Mesela son kiymetlilerimden biri de kalbin böcüü. Bitmesin diye öyle sindire sindire okuyorum ki,öpücük baligin gelmeyeyim diye.. Isin komik kismi cogu zaten bildik yazilar,ama yine de ilkmis gibi okuyorum seviniyorum, gülüyorum, hüzünleniyorum, fabrigada agladim bile..


diyorum ya ara ara, ortak zevklere sahip oldugum birileri pek yok burada. hadi tamam muzik konusunda var biraz ama edebiyat ya da sinema kayip.. Dolayisiyla bu konular uzerine okumayi sevsem de konusmaya konusmaya konusmayi (ve belki yazmayi?3ayni kelime??) unutmus gibiyim.. 

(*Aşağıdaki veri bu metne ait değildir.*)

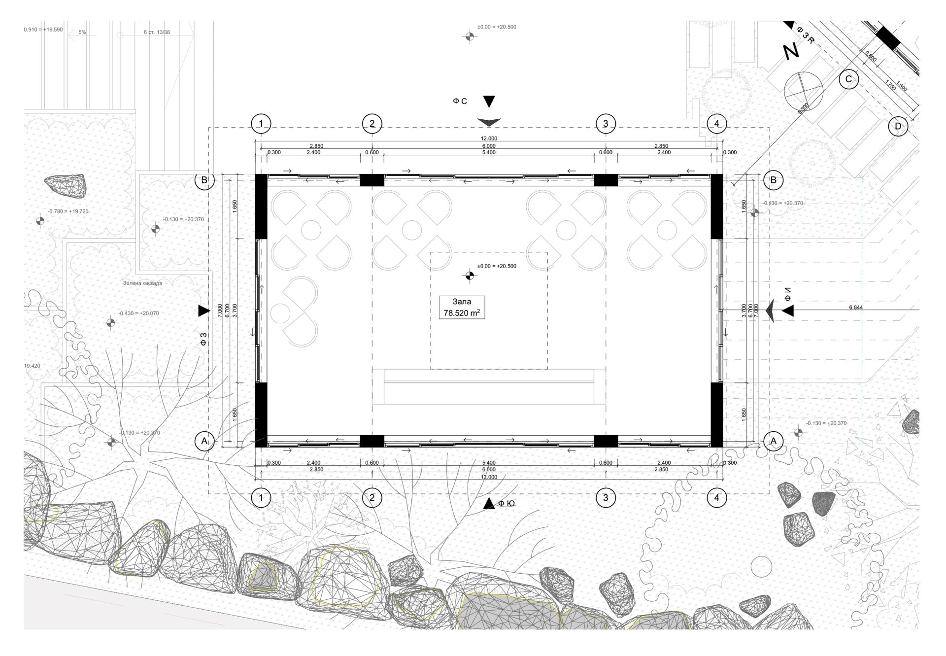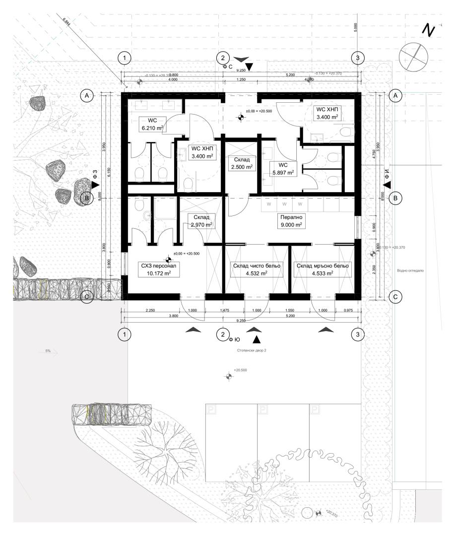 Floorplan principles: The terrain has a slope to the north. In the same direction is the view to the Black Sea. In order to achieve the two objectives "view (to the north) + natural sun light (from the south)" open plan strategy was choosen. The external walls are the glazing. This allows view to every direction and contributes with the health benefits of sunlight.
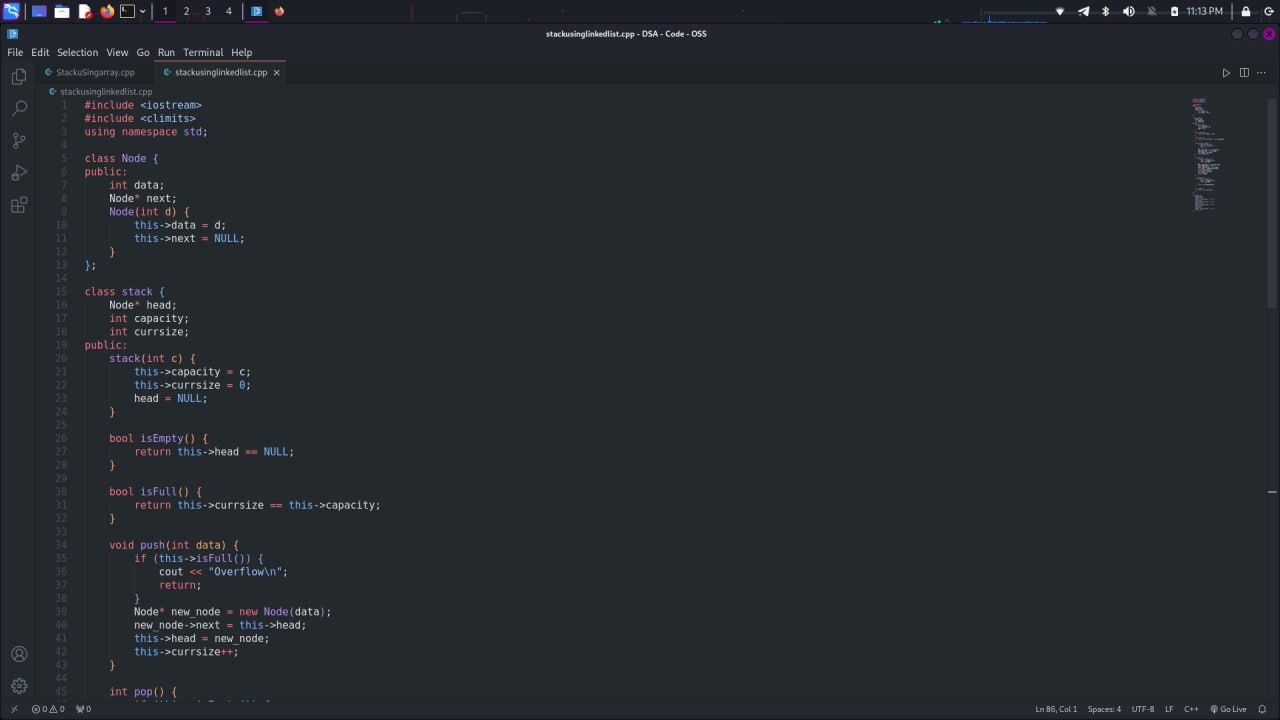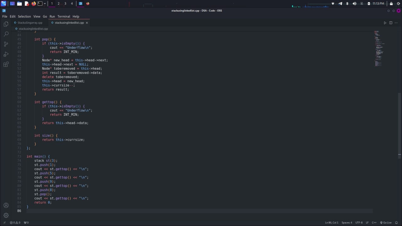 "Stacks in C++: Your trusty tool for managing data with LIFO (Last In, First Out) behavior. From undo functionality to expression evaluation, mastering the stack unlocks a world of efficient data manipulation! #cplusplus #datastructures #coding" Code

Oysa ne kadar isterdim atilla atalayin hikayelerinin de etrafimdakilerce okunmasini, küüden kürk mantolu madonnayi cikarmak misali etki yaratmasini, ironinin arkasindaki hüznün bilinmesini, deliler denizi demenin anlamli olmasini, bagaj ya da dolaplarin sadece esya saklamak icin kullanilmayabileceginin kavranmasini..


Turkce konusanlarla basaramasam da lab.daki isvicreliye ufaktan asilamaya basladim mi ne? Yok, atilla atalay degil. Benim basarim da sayamam zaten bunu,müzigin evrenselligi mi demeli?.. Lab.daki isviceli önceki gun gayet turkce olan büyük ev ablukada sarkilarina eslik ediyordu, iyi mi.. Ilk dinleyisiydi ustelik. Demirhan baylanin ritmini sevmisti oncesinde de.. Lab ortami olunca ben de cocugu kobay yerine mi koydum ne... 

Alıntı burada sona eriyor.